National Geographic has put it on their list of “25 Places You Must See Before Your Die” and UNESCO made it a World Heritage Site in 1985. It is the iconic image of Jordan and the main tourist attraction for the country. From the time I first saw a National Geographic article on it as a teenager I had wanted to see Petra.
Arriving the evening before allowed me to get a early start so I could beat the crowds but it is a tradeoff because the light at 7:30 or 8 in the morning is not the best for photos… the sun is not high enough in the sky to enter the canyon. However, I did escape the Chinese and German tours and tomorrow I will visit later in the morning to take advantage of the change in light.
The entrance to Petra is through a narrow limestone gorge called the “Siq” (the shaft) and I can honestly say that it was one of the most beautiful walks I have ever taken. The forms, colors and textures were fascinating and the play of light filtering into the canyon from different angles made for an ever changing panorama. I could have stayed for hours and hours just looking at the canyon at different time of the day.
As one comes to the end of the Siq your first sight of Petra is the Al-Khazneh (The Treasury) which is the quintessential image for the ruins. It is what we are all familiar with from movies and photos. A poet described Petra as “a rose red city half as old as time” and the first glimpse of The Treasury made me believe it was true.
Possibly as early as 312 BC this was the capital of the Nabataean empire which stretched from Arabia to the Levant. A creative outward looking people they built a capital at the crossroads of the caravan routes and controlled the area until the Romans in AD 106. The Nabataean ruins we see are of royal tombs carved from the sandstone and the remains of Roman temples and public spaces.
The valley is a natural amphitheater with the surrounding cliffs carved with tombs and temples. I walked the valley along the Roman road and I marveled (as I always do) at what these ancient cultures accomplished without the benefit of power tools and gasoline powered engines. The delicate carvings, the stone columns, and huge blocks of stone…I continue to ask myself, how was this accomplished?
I walked from tomb to temple climbing from the valley floor up the sides of the cliffs where there were beautiful vista of the valley and the surrounding hills. I looked down on the groups of camel and donkey drivers trying to get a fare. In the morning they want to take you up to the monastery, a tomb high in the hills about a 40 minute walk for the fit, and in the afternoon when the tourist are hot and weary they offer rides back to the beginning of the Siq. They are persistent and sometimes annoying but eventually get the message if you’re not going to bite for the ride. As everything in the Middle East all the prices are negotiable….haggle!

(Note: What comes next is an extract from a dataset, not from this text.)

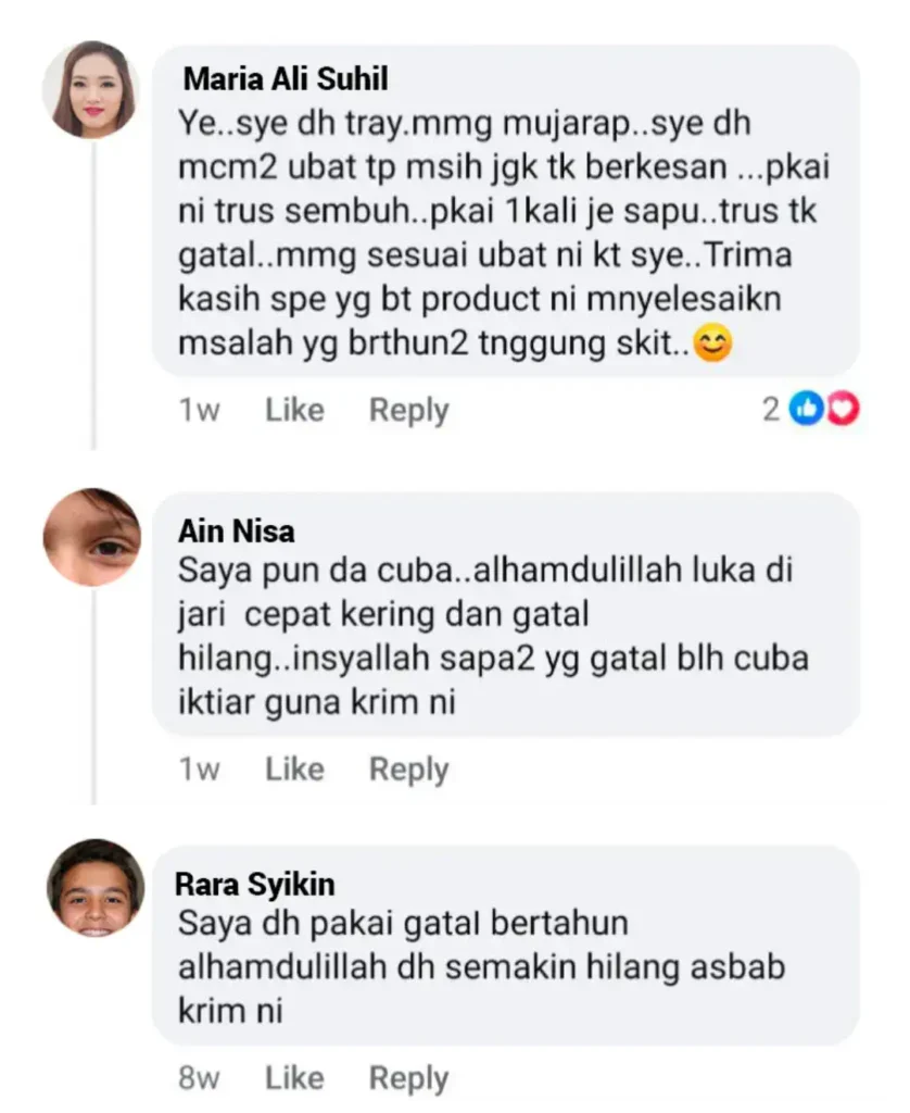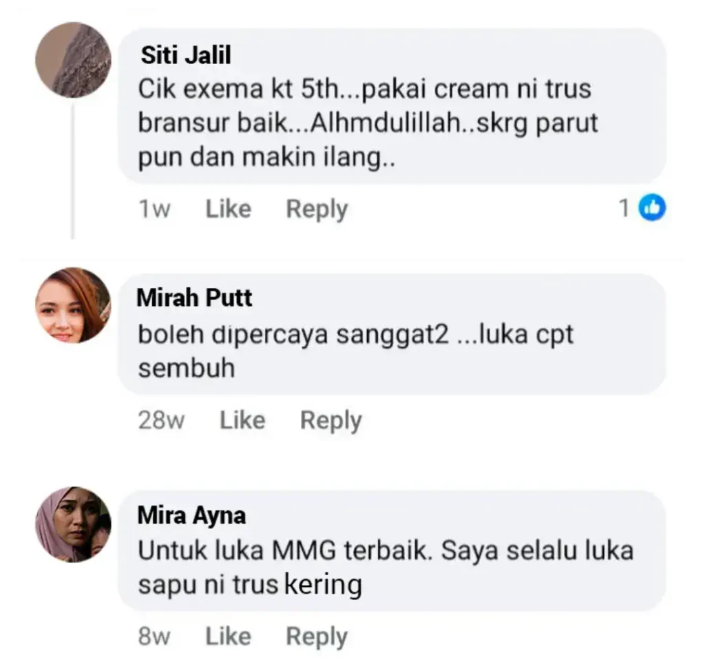 ✅ “Ya! Ramai pengguna dah berjaya hilangkan ekzema, luka & masalah kulit. Lihat testimoni mereka sendiri!”
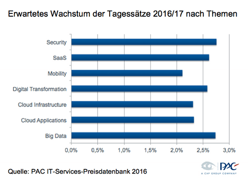 Die aktuellen Zahlen zeigen, dass Berater im Umfeld der sogenannten Hot Topics – Big Data, Cloud, Mobility, Security, Software as a Service (SaaS), Digital Transformation – stark gefragt sind. Das Preisniveau ist hier wie in den Vorjahren besonders hoch und steigt überdurchschnittlich an. Am deutlichsten ist der Preissteigerungseffekt im Bereich Security und Big Data zu spüren. Erwartungsgemäß steigen hier bei den spezialisierten und erfahrenen Beraterprofilen die Tagessätze auch im kommenden Jahr am stärksten an.

I took two days for my visit which allowed me to go in to the Siq at different times of the day for photos. I could also take the time to just sit and observe the Bedouins as they worked the tourist. They had some amazing approaches to inducing you to buy whatever goods or services they were peddling. One young man walked up to me with post cards and when I said no he replied come on “make my day… I didn’t!